» INFORMATION SHOWN
Content starts

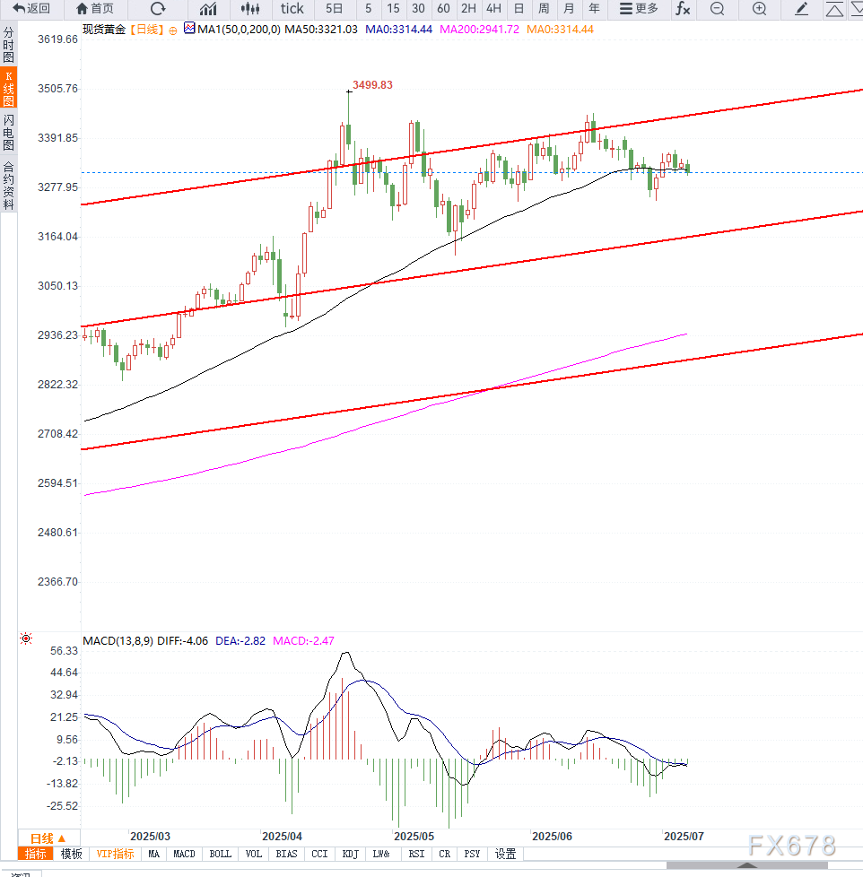 黄金市场短期虽出现技术性回落,但在美国贸易政策不确定性未消、地缘局势复杂的背景下,黄金仍将维持避险资产主导地位。关注7月9日前后美方动向,一旦谈判破裂或关税如期实施,避险需求将迅速反映至金价上行。
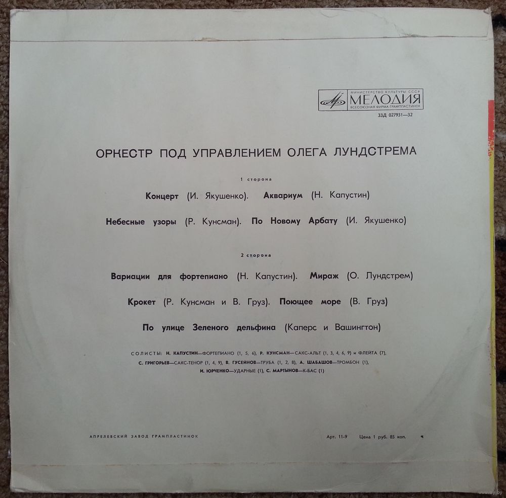 Солисты: Н. Капустин—ф-но (1, 2), Р. Кунсман — сакс-альт (2, 5) и флейта (3) С. Григорьев — сакс-тенор (5), В. Гусейнов — труба (4)
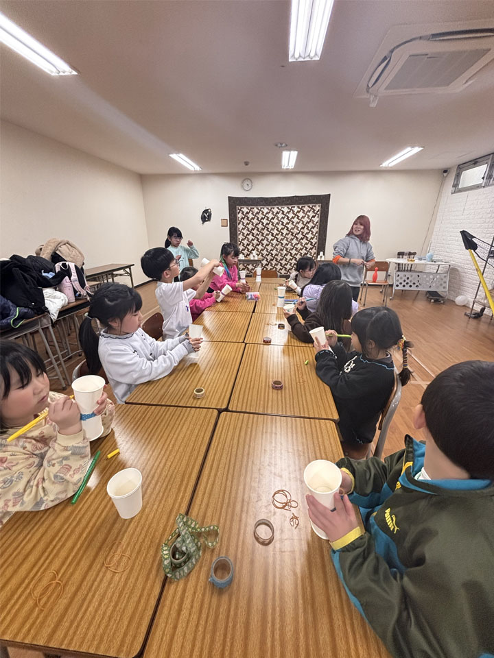 紙コップを張り合わせて輪ゴムで飛ばす工作ですが、小さい子には少し難しかったようです。それでもハマる子にははまり、どんどんとコツを掴み上手に的を目がけて当てるように飛ばしていきました。
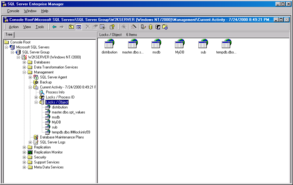 - Раскройте папку Locks / Object, чтобы увидеть список текущих блокированных объектов (рис. 36.12). Могут быть блокированы такие объекты, как таблицы, временные таблицы, базы данных и т.д.

Content ends

» PROBLEM STATEMENT
Restate the entire listing word for word, excluding pictures.

» SOLUTION
 黄金市场短期虽出现技术性回落,但在美国贸易政策不确定性未消、地缘局势复杂的背景下,黄金仍将维持避险资产主导地位。关注7月9日前后美方动向,一旦谈判破裂或关税如期实施,避险需求将迅速反映至金价上行。
 Солисты: Н. Капустин—ф-но (1, 2), Р. Кунсман — сакс-альт (2, 5) и флейта (3) С. Григорьев — сакс-тенор (5), В. Гусейнов — труба (4)
 紙コップを張り合わせて輪ゴムで飛ばす工作ですが、小さい子には少し難しかったようです。それでもハマる子にははまり、どんどんとコツを掴み上手に的を目がけて当てるように飛ばしていきました。
 - Раскройте папку Locks / Object, чтобы увидеть список текущих блокированных объектов (рис. 36.12). Могут быть блокированы такие объекты, как таблицы, временные таблицы, базы данных и т.д.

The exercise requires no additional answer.